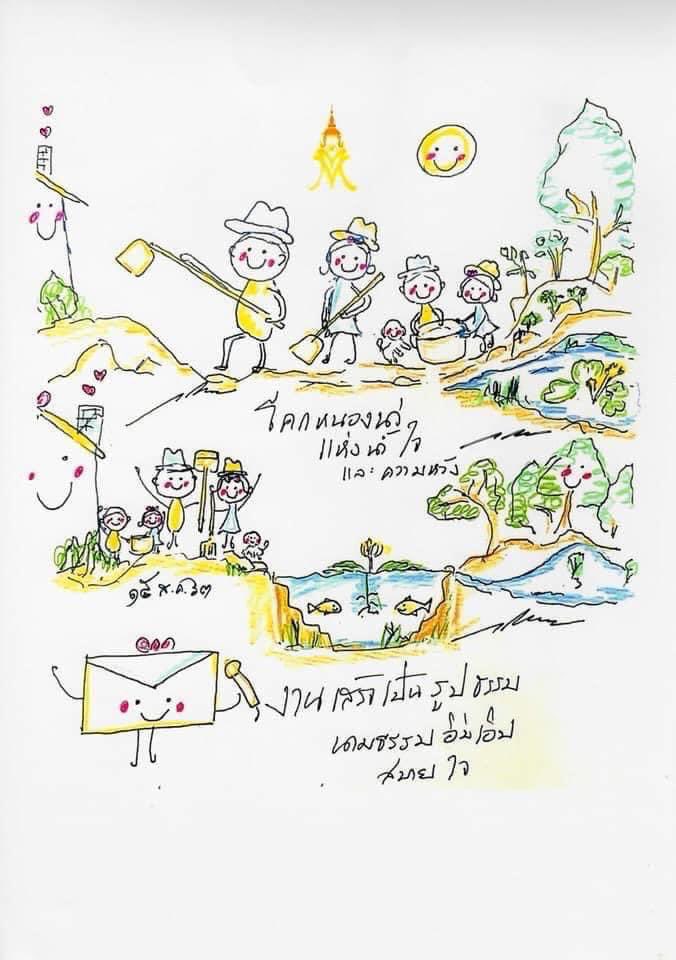 22 ส.ค.-พระบาทสมเด็จพระเจ้าอยู่หัว พระราชทานพระบรมราชานุญาตให้เผยแพร่ภาพวาดฝีพระหัตถ์ “โคกหนองนาแห่งน้ำใจและความหวัง” โดยภาพวาดฝีพระหัตถ์แบ่งเป็น 3 แบบ ประกอบด้วย
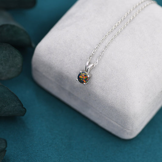 Tiny Black Opal Pendant Necklace in Sterling Silver, 5mm Lab Opal Necklace, Single Opal Necklace, Fire Opal Necklace
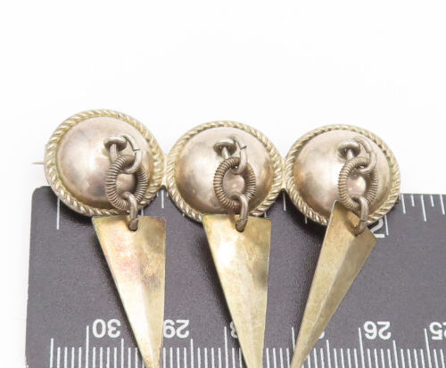 NORWAY 925 Sterling Silver - Vintage Domed Dangling Triangle Brooch Pin- BP10406
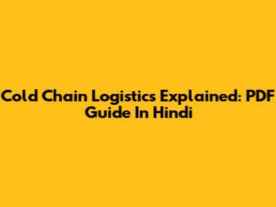 Cold Chain Logistics Explained: PDF Guide In Hindi

» **Problem description**
In your answer, repeat the material above in full, exactly, and without its pictures.

» **Solution to the problem**
 22 ส.ค.-พระบาทสมเด็จพระเจ้าอยู่หัว พระราชทานพระบรมราชานุญาตให้เผยแพร่ภาพวาดฝีพระหัตถ์ “โคกหนองนาแห่งน้ำใจและความหวัง” โดยภาพวาดฝีพระหัตถ์แบ่งเป็น 3 แบบ ประกอบด้วย
 Tiny Black Opal Pendant Necklace in Sterling Silver, 5mm Lab Opal Necklace, Single Opal Necklace, Fire Opal Necklace
 NORWAY 925 Sterling Silver - Vintage Domed Dangling Triangle Brooch Pin- BP10406
 Cold Chain Logistics Explained: PDF Guide In Hindi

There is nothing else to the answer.